In a TV talk show recently, former ISI Chief Hamid Gul was saying "Jalaluddin Haqqani is as Pakistani as I am". He also proudly revealed that he had sent his sons Omar and Abdullah to Jihad with Haqqanis. One shakes head listening to a former Chief of the ISI saying this, but not surprising to read Gen Asad Durrani who wrote in a column couple of weeks ago calling Ejaz Haider his "former comrade in arms", which makes it clear why Mr. Haider was so pissed with the BBC documentary that he quickly produced a denial.
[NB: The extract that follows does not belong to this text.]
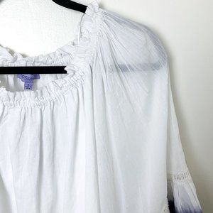 Premise oversized swing blouse in ombre dip dye white and blue size small. Brand new with tags. Small fabric imperfection and mark on backside by shoulder

Instead of questioning their deep-state on why the entire world complains about their double-games, Pakistani analysts like Mr. Haider continue forming perceptions to hide the facts, the way people of Pakistan have always been fed propaganda about Afghanistan.
It is a common myth among ordinary Pakistanis that; Taliban represent majority of Afghans, who support the 'Jihad' against the 'occupation' of foreign troops. Such is the level of shameless propaganda that recently a prominent columnist Orya Maqbool Jan was saying that Taliban control 80 percent of Afghanistan and they will come back to power.
There are rare voices of sanity in Pakistani media commenting on Afghanistan, but many of propagandists who feed the narrative of the military-jihadi nexus to common people. Recently Hamid Mir, another top TV anchor and columnist had invented a proverb referring to the Tajiks of Afghanistan. It is not his ignorance, but intentional propaganda when he makes up a proverb that does not exist.
And there is no language as Tajiki, as he had written in his column on Daily Jang Oct 24 provoking Tajik-Pashtun ethnic divide in Afghanistan. Unfortunately there are many of Hamid Mirs and Ejaz Haiders in Pakistani media who distort facts and make perceptions to promote a particular narrative and propaganda about Afghanistan.